### HOW TO COMPLETE THIS TASK
Would you retype the whole listing verbatim, keeping pictures out of it?
DATA SEGMENT below:
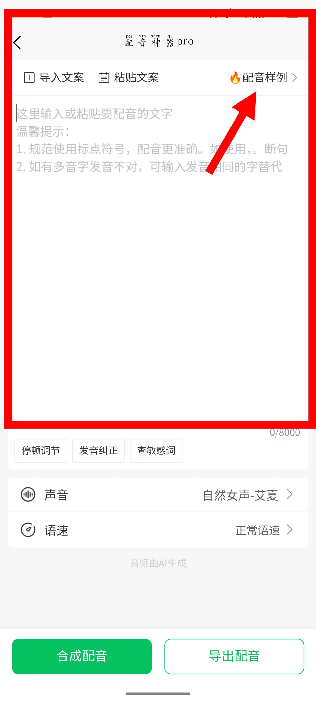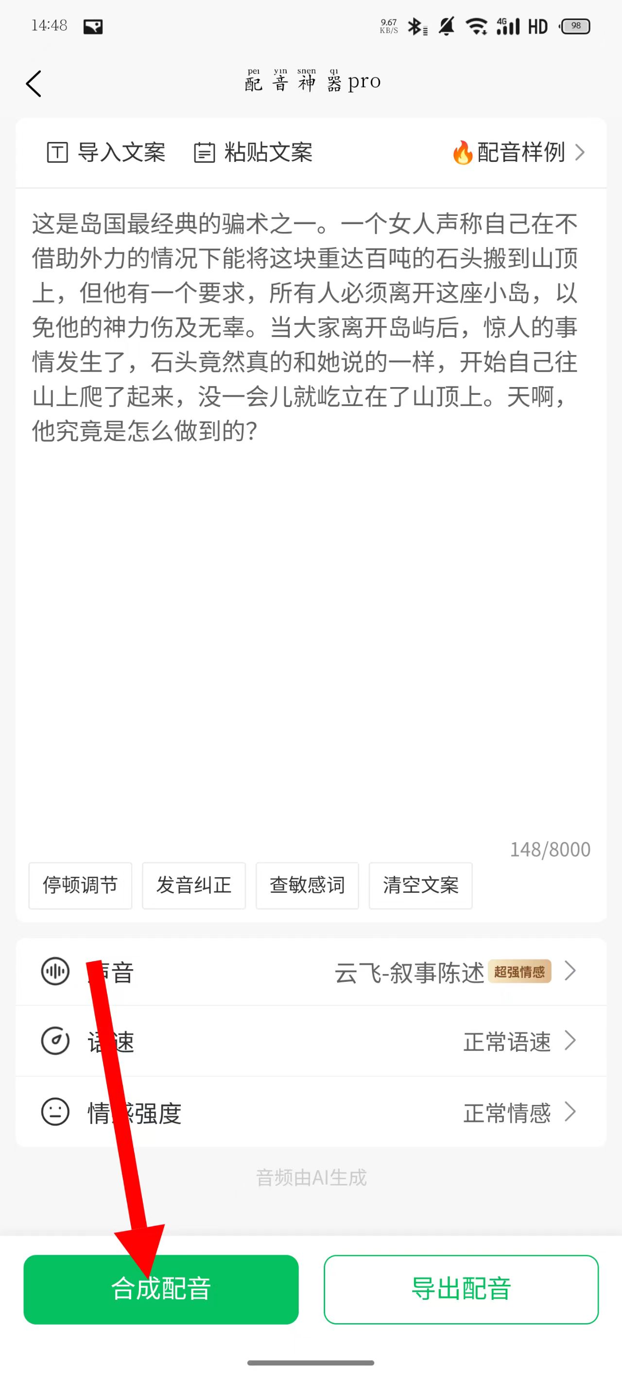 4、文案自动填充到输入框后,点击底部合成配音,即可生成同款配音音频。
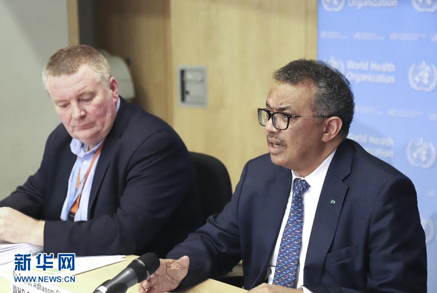 3月5日,在瑞士日內(nèi)瓦,世界衛(wèi)生組織總干事譚德塞(右)在世衛(wèi)組織例行記者會(huì)上發(fā)言。世界衛(wèi)生組織總干事譚德塞5日呼吁,各國(guó)應(yīng)調(diào)動(dòng)并協(xié)調(diào)政府各部門間的行動(dòng),以“全政府”參與的方式應(yīng)對(duì)新冠肺炎疫情。 新華社記者 陳俊俠 攝
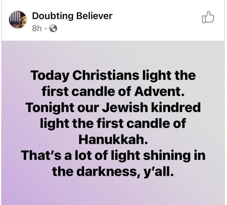 On Sunday, a dear friend shared this beautiful thought – and, as there has been great darkness in our world this year, I want to share it as well.
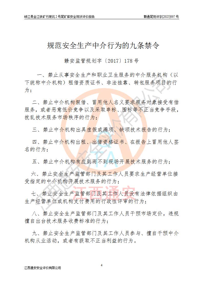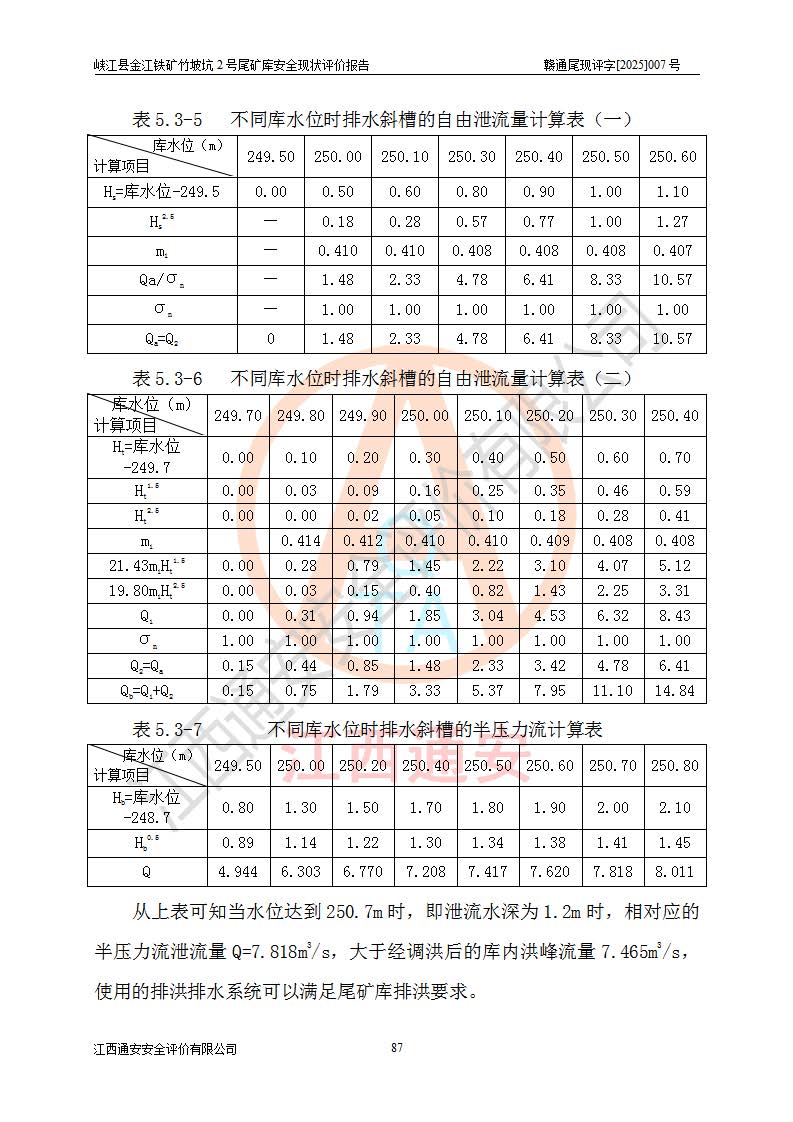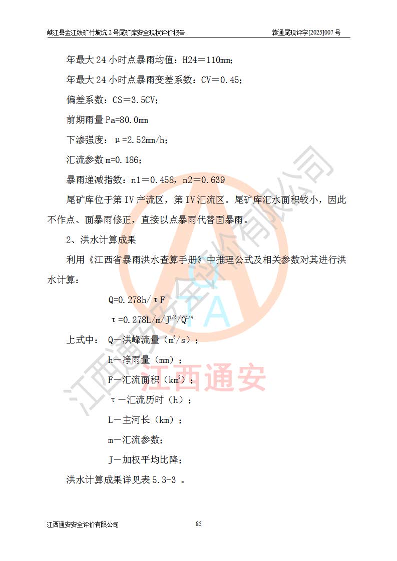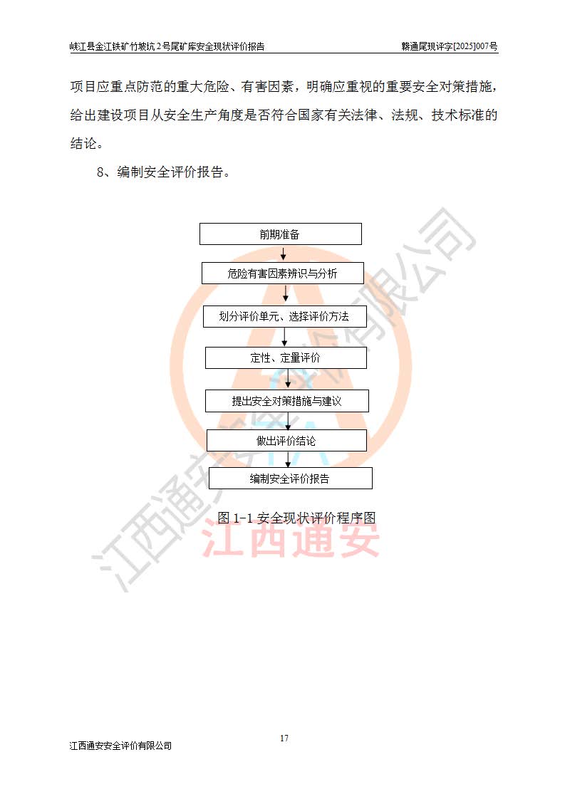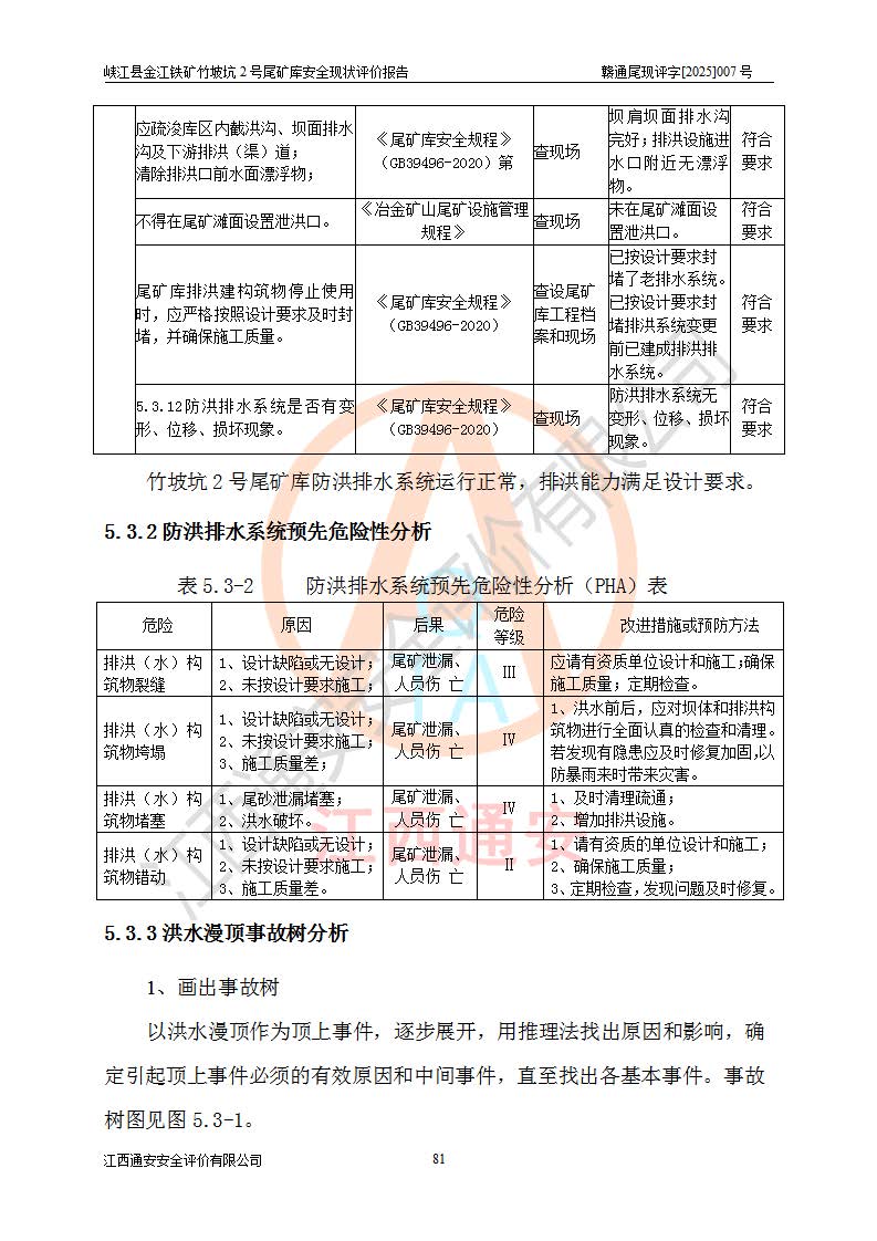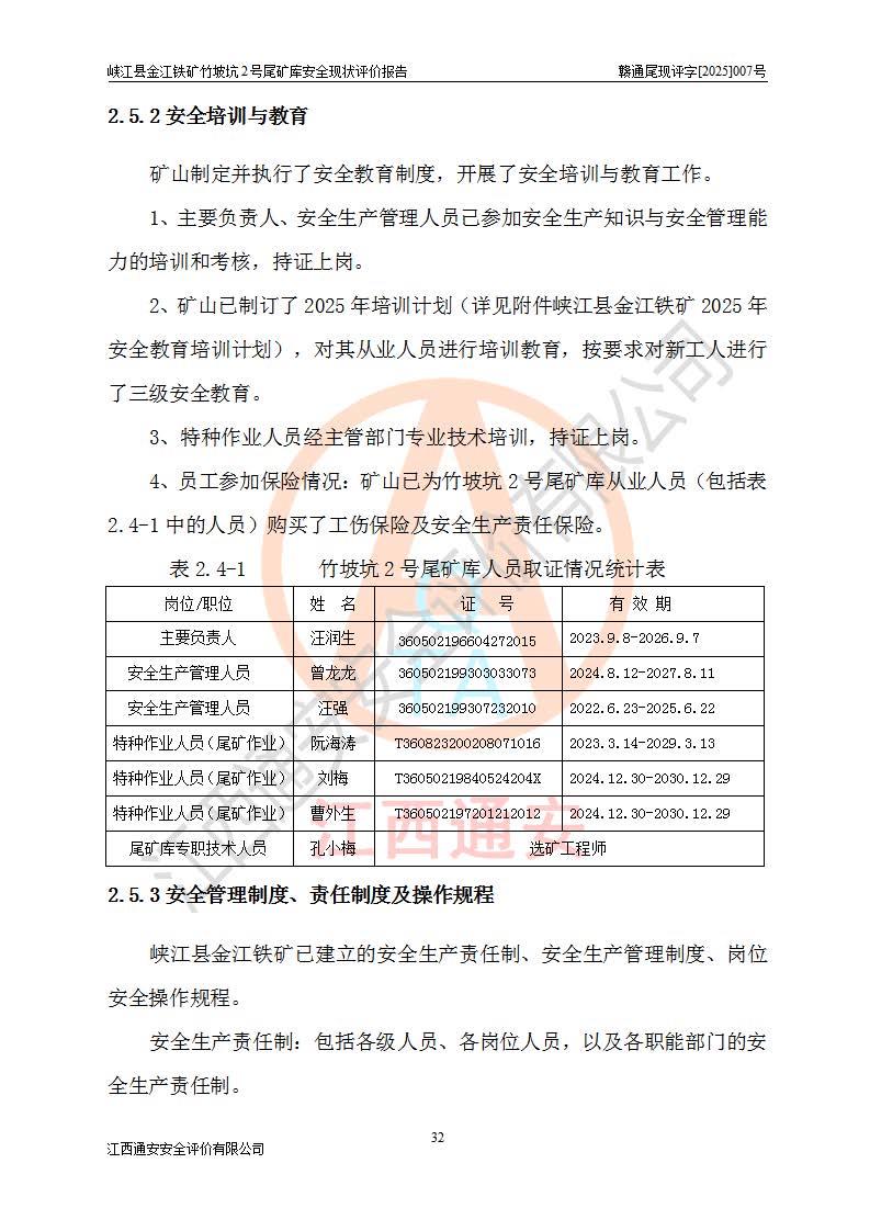 评价结论 | 峡江县金江铁矿竹坡坑2号尾矿库现状与《峡江县金江铁矿竹坡坑2号尾矿库加高扩容工程安全设施设计变更》一致,竹坡坑2号尾矿库为正常库,具备继续生产运行的安全生产条件。 | |||
End of DATA SEGMENT.
### YOUR SOLUTION
 4、文案自动填充到输入框后,点击底部合成配音,即可生成同款配音音频。
 3月5日,在瑞士日內(nèi)瓦,世界衛(wèi)生組織總干事譚德塞(右)在世衛(wèi)組織例行記者會(huì)上發(fā)言。世界衛(wèi)生組織總干事譚德塞5日呼吁,各國(guó)應(yīng)調(diào)動(dòng)并協(xié)調(diào)政府各部門間的行動(dòng),以“全政府”參與的方式應(yīng)對(duì)新冠肺炎疫情。 新華社記者 陳俊俠 攝
 On Sunday, a dear friend shared this beautiful thought – and, as there has been great darkness in our world this year, I want to share it as well.
 评价结论 | 峡江县金江铁矿竹坡坑2号尾矿库现状与《峡江县金江铁矿竹坡坑2号尾矿库加高扩容工程安全设施设计变更》一致,竹坡坑2号尾矿库为正常库,具备继续生产运行的安全生产条件。 | |||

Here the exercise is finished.